It's possible now.
joe biden example (Idk how to embed videos lol)
examples on huggingface model page
Make sure these things are NOT in your voice input: (in no particular order)
- Noise (You can use a noise remover before)
- Music (There are also music remover tools) (Unless you want music in the background)
- A cut-off at the end (This will cause it to try and continue on the generation)
- Under 1 second of training data (i personally suggest around 10 seconds for good potential, but i've had great results with 5 seconds as well.)
What makes for good prompt audio? (in no particular order)
- Clearly spoken
- No weird background noises
- Only one speaker
- Audio which ends after a sentence ends
- Regular/common voice (They usually have more success, it's still capable of cloning complex voices, but not as good at it)
- Around 10 seconds of data
- Simply copy the files from this directory into your project.

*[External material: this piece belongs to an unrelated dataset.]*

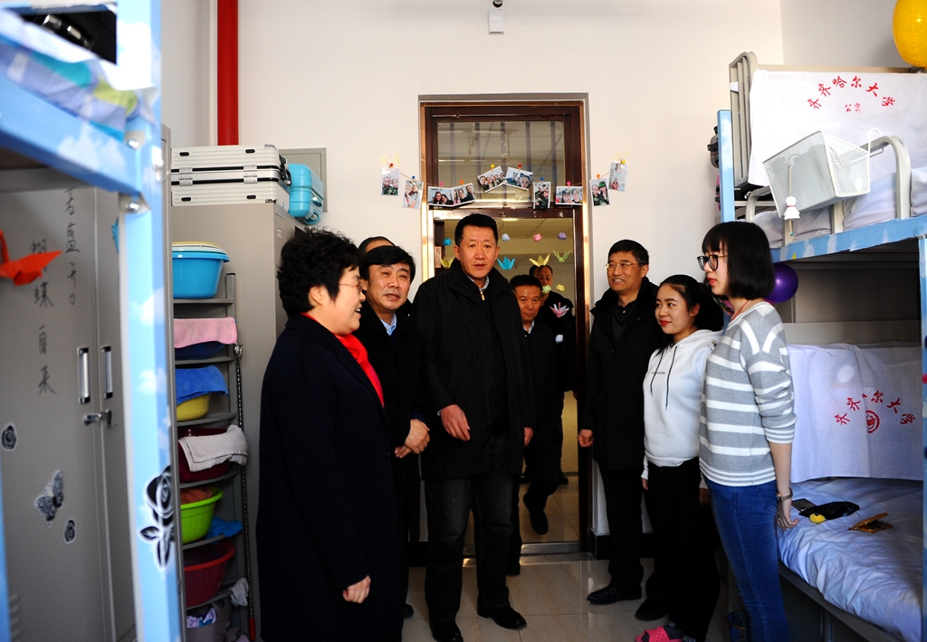 在东区八号学生公寓,赵国刚实地查看了学生寝室环境状况,听取了beats365学生工作部(学生处)部(处)长姜波对公寓生活设施情况的介绍,并与同学们进行亲切交谈,详细了解同学们的家庭所在地、所学专业以及日常的学习生活情况。他指出,学生宿舍是一种文化阵地,大家可以学习和休闲,交流思想,希望同学们珍惜良好的学习生活条件,勤奋学习,将来为龙江的振兴发展多做贡献。他还查看了公寓楼的用水用电设施,强调要认真排查安全隐患,时刻注意学生公寓的安全防范工作。

- The hubert manager contains methods to download HuBERT and the custom Quantizer model.
- Loading the CustomHuBERT should be pretty straightforward
from hubert.pre_kmeans_hubert import CustomHubert
import torchaudio
# Load the HuBERT model,
# checkpoint_path should work fine with data/models/hubert/hubert.pt for the default config
hubert_model = CustomHubert(checkpoint_path='path/to/checkpoint')
# Run the model to extract semantic features from an audio file, where wav is your audio file
wav, sr = torchaudio.load('path/to/wav') # This is where you load your wav, with soundfile or torchaudio for example
if wav.shape[0] == 2: # Stereo to mono if needed
wav = wav.mean(0, keepdim=True)
semantic_vectors = hubert_model.forward(wav, input_sample_hz=sr)
- Loading and running the custom kmeans
import torch
from hubert.customtokenizer import CustomTokenizer
# Load the CustomTokenizer model from a checkpoint
# With default config, you can use the pretrained model from huggingface
# With the default setup from HuBERTManager, this will be in data/models/hubert/tokenizer.pth
tokenizer = CustomTokenizer() # The current provided models use the default model params
tokenizer.load_state_dict(torch.load('data/models/hubert/tokenizer.pth'))
# Process the semantic vectors from the previous HuBERT run (This works in batches, so you can send the entire HuBERT output)
semantic_tokens = tokenizer.get_token(semantic_vectors)
# Congratulations! You now have semantic tokens which can be used inside of a speaker prompt file.
Simply run the training commands.
A simple way to create semantic data and wavs for training, is with my script: bark-data-gen. But remember that the creation of the wavs will take around the same time if not longer than the creation of the semantics. This can take a while to generate because of that.
For example, if you have a dataset with zips containing audio files, one zip for semantics, and one for the wav files. Inside of a folder called "Literature"
You should run process.py --path Literature --mode prepare
for extracting all the data to one directory
You should run process.py --path Literature --mode prepare2
for creating HuBERT semantic vectors, ready for training
You should run process.py --path Literature --mode train
for training
And when your model has trained enough, you can run process.py --path Literature --mode test
to test the latest model.
I am not responsible for audio generated using semantics created by this model. Just don't use it for illegal purposes.